THERE WAS ALMOST NO one in the library that September evening; as I would later learn, there rarely was. (Most remarkably, there were never any children in that library; it would take me years to realize why.) Two elderly women were reading on an uncomfortable-looking couch; an old man had surrounded himself with stacks of books at one end of a long table, but he seemed less determined to read all the books than he was driven to barricade himself from the two old ladies.

There were also two despondent-looking girls of high school age; they and Cousin Gerry were fellow sufferers at the public high school in Ezra Falls. The high school girls were probably doing what Gerry had described to me as their "forever minimal" homework.

The dust, long accumulated in the countless book bindings, made me sneeze. "Not allergic to books, I hope," someone said--these were Miss Frost's first words to me, and when I turned around and saw her, I couldn't speak.

"This boy would like a library card," Richard Abbott said.

"And just who would 'this boy' be?" Miss Frost asked him, not looking at me.

"This is Billy Dean--I'm sure you know Mary Marshall Dean," Richard explained. "Well, Bill is Mary's boy--"

"Oh, my--yes!" Miss Frost exclaimed. "So this is that boy!"

The thing about a small town like First Sister, Vermont, was that everyone knew the circumstances of my mother having me--with one of those husbands in-name-only. I had the feeling that everybody knew the history of my code-boy dad. William Francis Dean was the disappearing kind of husband and father, and all that remained of the sergeant in First Sister, Vermont, was his name--with a junior tacked on at the end of it. Miss Frost may not have officially met me until this September night in 1955, but she surely knew all about me.

"And you, I presume, are not Mr. Dean--you're not this boy's father, are you?" Miss Frost asked Richard.

"Oh, no--" Richard started to say.

"I thought not," said Miss Frost. "You are then . . ." She waited; she had no intention of finishing that halted sentence.

"Richard Abbott," Richard announced.

"The new teacher!" Miss

Frost declared. "Hired with the fervent hope that someone at Favorite River Academy should be able to teach those boys Shakespeare."

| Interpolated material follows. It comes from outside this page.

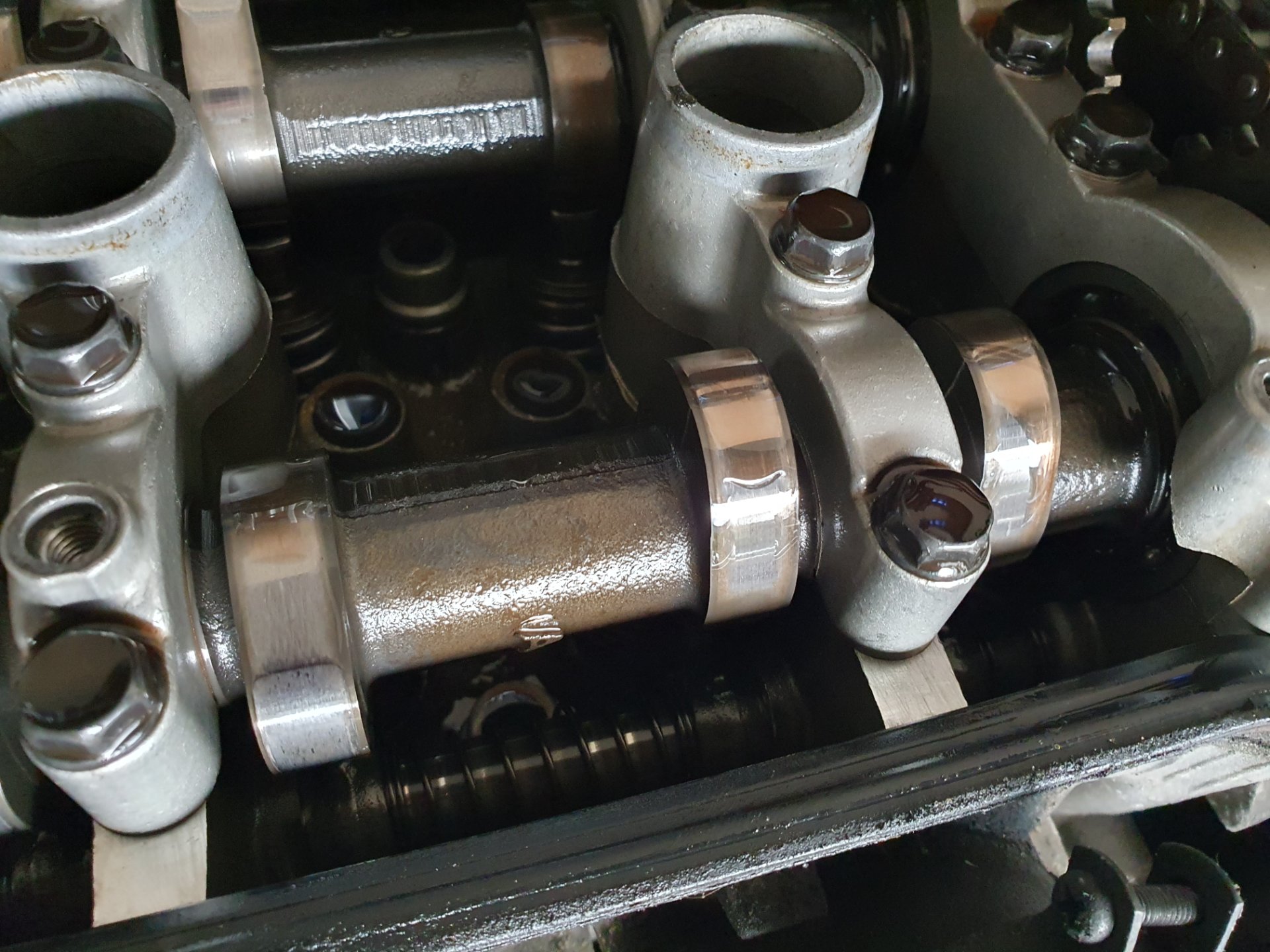 Hi, heute den Ventildeckel gelöst, den Schleifer am Deckel fehlt komplett... Ventilspiel an zwei - drei Stellen gemessen, ist aber viel zu wenig, ca 0.1 bis 0,15mm auf Einlass sowie Auslass. Werd die Tage alles aufschreiben, Shims ausmessen, mal ein Bild von der besagten scharfen Nockenwelle machen.

"Yes," Richard said, surprised that the public librarian would know the details of the private school's mission in hiring him--not only to teach English but to get the boys to read and understand Shakespeare. I was marginally more surprised than Richard; while I'd heard him tell my grandfather about his interest in Shakespeare, this was the first I'd heard of his Shakespearean mission. It seemed that Richard Abbott had been hired to beat the boys silly with Shakespeare!

"Well, good luck," Miss Frost told him. "I'll believe it when I see it," she added, smiling at me. "And are you going to put on any of Shakespeare's plays?" she asked Richard.

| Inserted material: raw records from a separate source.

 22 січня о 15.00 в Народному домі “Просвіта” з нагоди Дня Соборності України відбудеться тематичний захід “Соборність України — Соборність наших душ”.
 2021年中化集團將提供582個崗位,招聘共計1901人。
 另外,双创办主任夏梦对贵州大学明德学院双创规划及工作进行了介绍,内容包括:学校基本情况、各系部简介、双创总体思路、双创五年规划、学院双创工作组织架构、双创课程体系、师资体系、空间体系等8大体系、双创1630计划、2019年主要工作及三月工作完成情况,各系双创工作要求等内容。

"I believe that's the only way to make the boys read and understand Shakespeare," Richard told her. "They've got to see the plays performed--better yet, they've got to perform them."

"All those boys, playing girls and women," Miss Frost speculated, shaking her head. "Talk about 'willing suspension of disbelief,' and all the other stuff that Coleridge said," Miss Frost remarked, still smiling at me. (I normally disliked it when someone ruffled my hair, but when Miss Frost did it, I just beamed back at her.) "That was Coleridge, wasn't it?" she asked Richard.

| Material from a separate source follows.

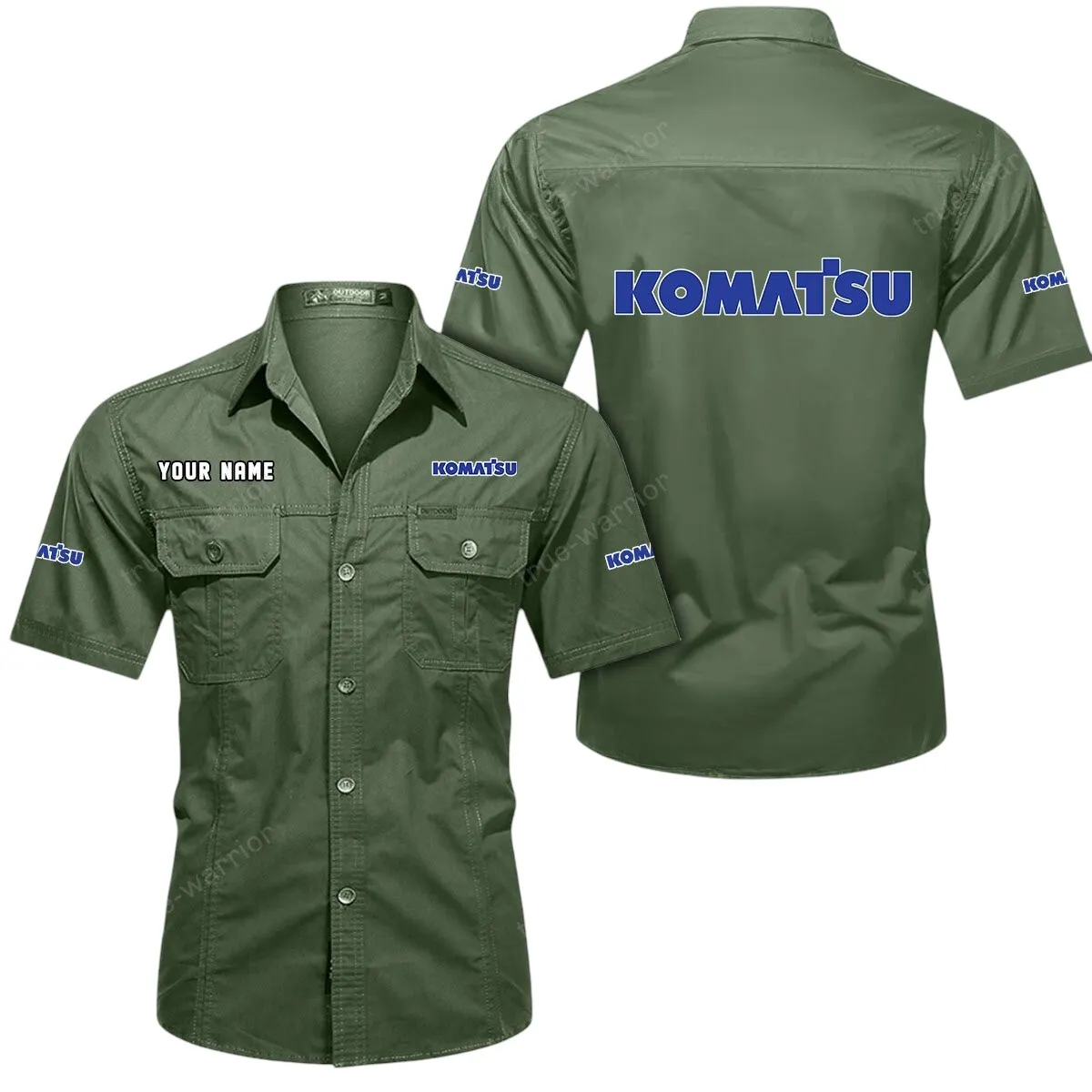 Komatsu Short Sleeved Shirt, All Over Print Button Shirt CAR444052625958 – Army Green

"Yes, it was," he said. He was quite taken with her, I could tell, and if he hadn't so recently fallen in love with my mother--well, who knows? Miss Frost was a knockout, in my unseasoned opinion. Not the hand that ruffled my hair, but her other hand now rested on the table next to Richard Abbott's hands; yet, when Miss Frost saw me looking at their hands, she took her hand off the table. I felt her fingers lightly touch my shoulder.